Tuesday, 3 February 2009
Why Don't More Animals Change Their Sex?
Zoe Brain
That's the title of an article from Yale University:
http://aebrain.blogspot.com/2009/02/why-dont-more-animals-change-their-sex.html So, why is sex change so rare? And, why does one species of fish reproduce strictly as separate sexes, while another very closely related species flexibly changes sex?

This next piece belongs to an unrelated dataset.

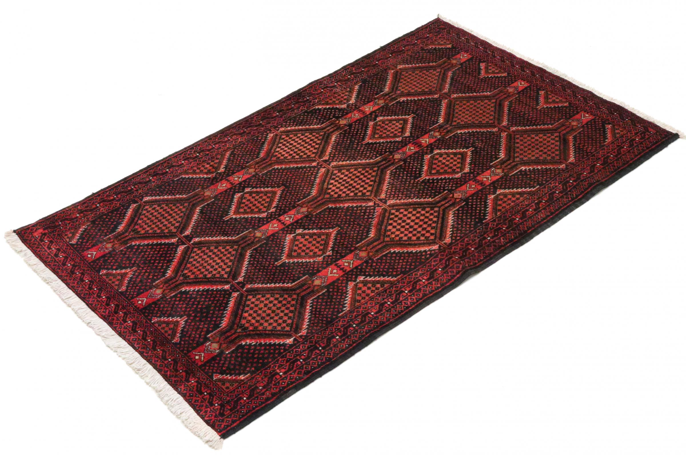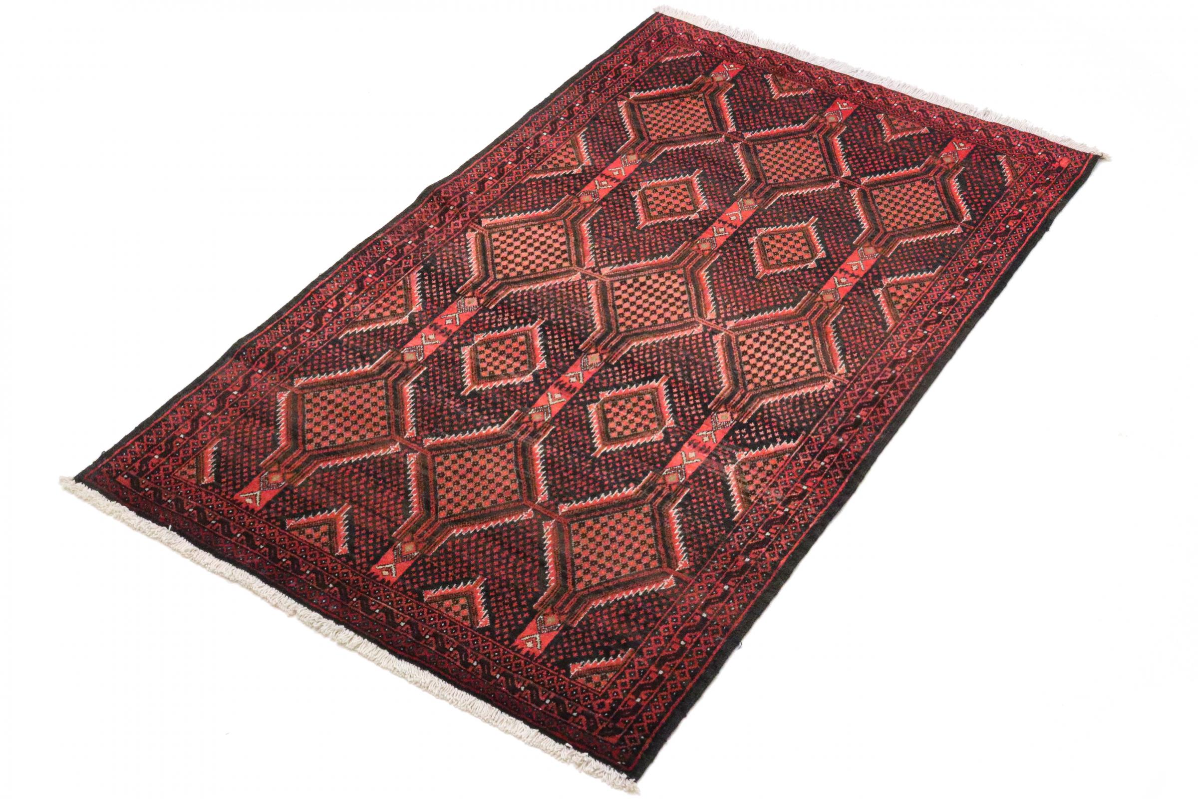 Este tapete Balúchi é um exemplo maravilhoso de arte nómada genuína. Fabricado na região fronteiriça entre o Irão e o Afeganistão, este tapete persa sabe como impressionar graças à sua trama densa e assimétrica. Os padrões vivos fazem dele um verdadeiro banquete para os olhos. Os tons escuros são típicos, espalhando um calor agradável. O seu belo fio natural transmite qualidade e torna-o extremamente durável. Típicos deste tapete são os padrões rectos que fazem dele um tapete nómada distinto.
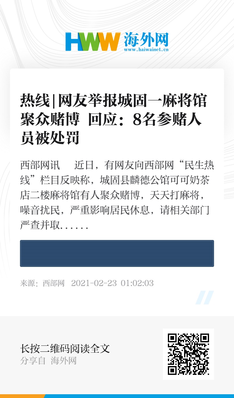 2月20日,城固县公安局回复称,接到群众举报后,城固县公安局三里桥派出所民警立即前往被举报地点核查,在麟德公馆门口可可奶茶店二楼现场查获8人赌博,根据《中华人民共和国治安管理处罚法》第七十条对8个参赌人员分别给予200元行政处罚,对提供赌博场所的老板李某某处以500元的行政处罚,并将用于赌博的电动麻将桌,麻将予以收缴。

The capability is there, buried in our genes. Well, buried in my genes, anyway. It appears that my body attempted to do this, but of course the change was very incomplete. Rather from being from a fully functional male to fully functional female, it was from somewhat dysfunctional and infertile pseudo-male to a functional but sterile pseudo-female. I'm speaking biologically here, not psychologically. My mind has always been female, but that's an irrelevancy. So I could be considered a transitional variety, not 100% successful as either sex (biologically speaking), yet functional enough, barely, just, not merely to survive but to reproduce. That's good enough for Evolution, a C- is as good as an A+ here. My work has also helped save tens of thousands of lives, so even if I didn't have children, having someone with my talents being thrown up occasionally would be good for the species as a whole. Objectively, I'm an asset to humanity, no matter how many Torr the situation would suck on a personal level.